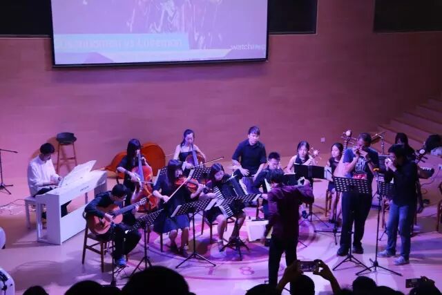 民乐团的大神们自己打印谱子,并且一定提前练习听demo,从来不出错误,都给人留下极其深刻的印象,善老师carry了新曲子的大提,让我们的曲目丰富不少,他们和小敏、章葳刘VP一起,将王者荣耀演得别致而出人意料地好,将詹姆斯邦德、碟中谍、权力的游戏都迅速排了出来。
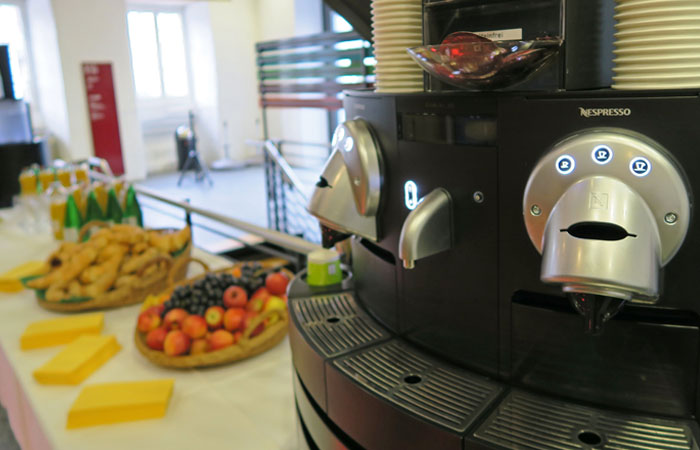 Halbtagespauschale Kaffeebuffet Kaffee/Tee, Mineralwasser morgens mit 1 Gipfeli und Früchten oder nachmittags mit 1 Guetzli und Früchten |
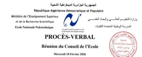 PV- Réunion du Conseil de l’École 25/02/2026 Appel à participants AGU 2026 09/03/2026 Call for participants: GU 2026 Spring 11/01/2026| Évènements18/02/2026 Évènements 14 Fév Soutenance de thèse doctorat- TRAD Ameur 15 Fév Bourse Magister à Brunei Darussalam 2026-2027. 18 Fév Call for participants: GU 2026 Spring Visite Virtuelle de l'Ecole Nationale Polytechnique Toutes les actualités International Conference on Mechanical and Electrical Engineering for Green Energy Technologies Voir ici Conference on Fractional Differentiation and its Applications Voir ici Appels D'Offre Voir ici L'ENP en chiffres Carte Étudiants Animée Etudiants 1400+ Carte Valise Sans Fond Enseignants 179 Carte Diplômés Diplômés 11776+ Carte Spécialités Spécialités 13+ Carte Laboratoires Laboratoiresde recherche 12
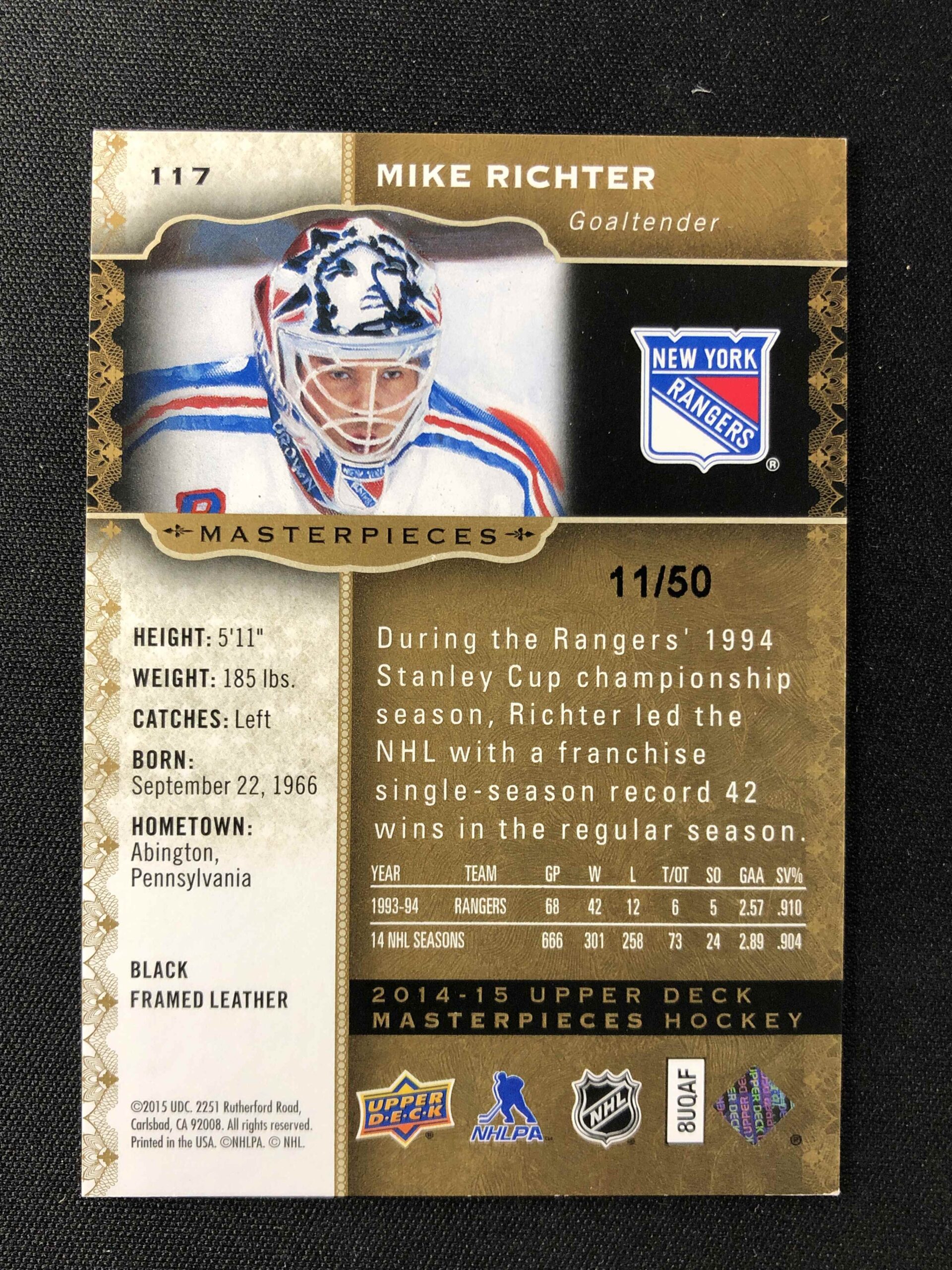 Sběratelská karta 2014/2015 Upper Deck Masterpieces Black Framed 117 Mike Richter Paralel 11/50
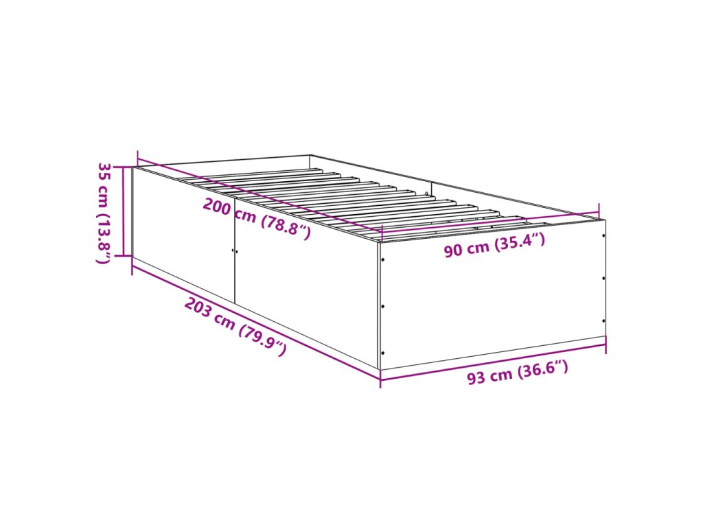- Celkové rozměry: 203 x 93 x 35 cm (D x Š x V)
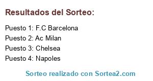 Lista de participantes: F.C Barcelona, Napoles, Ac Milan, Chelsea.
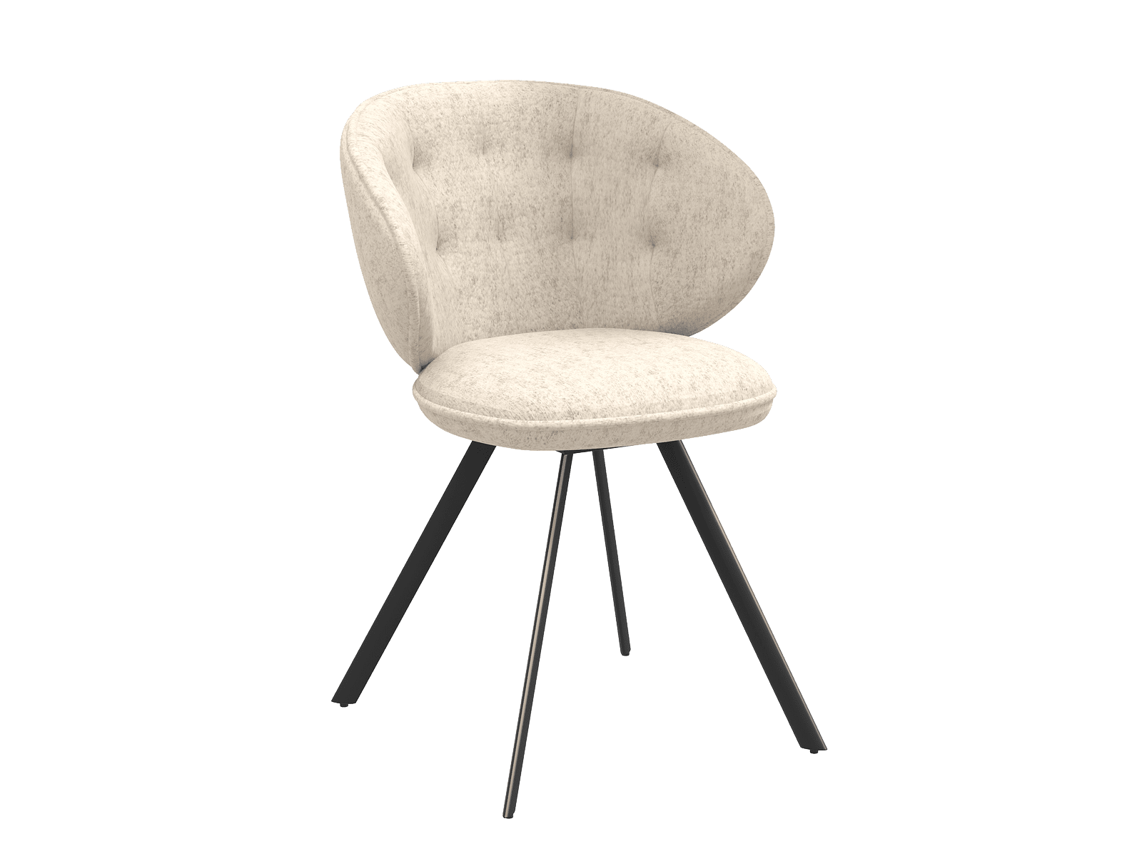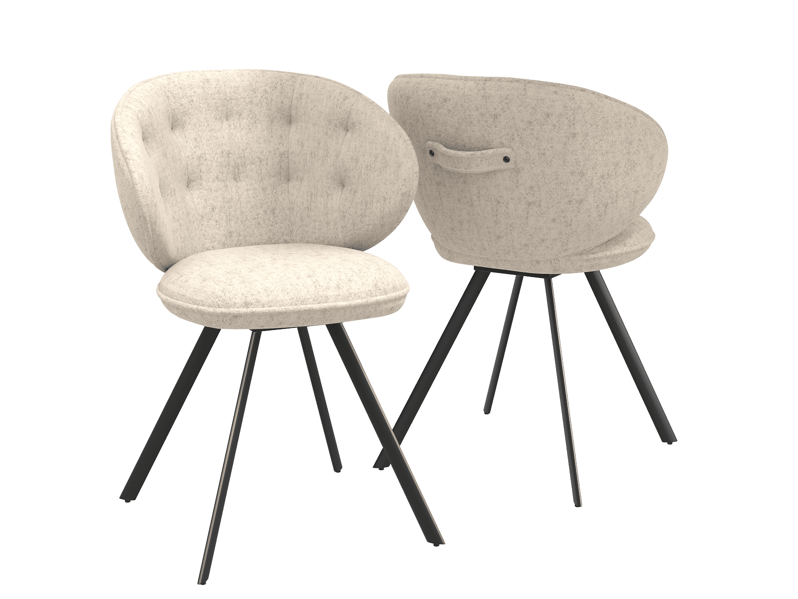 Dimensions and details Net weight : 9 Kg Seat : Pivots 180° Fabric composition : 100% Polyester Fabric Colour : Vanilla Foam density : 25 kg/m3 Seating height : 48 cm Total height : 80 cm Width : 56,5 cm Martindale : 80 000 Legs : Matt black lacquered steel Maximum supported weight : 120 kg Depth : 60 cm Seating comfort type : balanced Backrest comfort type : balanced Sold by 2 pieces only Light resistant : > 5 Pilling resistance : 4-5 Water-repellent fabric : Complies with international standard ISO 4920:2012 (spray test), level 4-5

PROBLEM DESCRIPTION
Starting at the line above that holds "- Celkové rozměry: 203", repeat every line exactly down to and including the line that holds "Lista de participantes: F.C", then stop. Do not carry over any pictures.

ANSWER TO THE EXERCISE
- Celkové rozměry: 203 x 93 x 35 cm (D x Š x V)
 Lista de participantes: F.C Barcelona, Napoles, Ac Milan, Chelsea.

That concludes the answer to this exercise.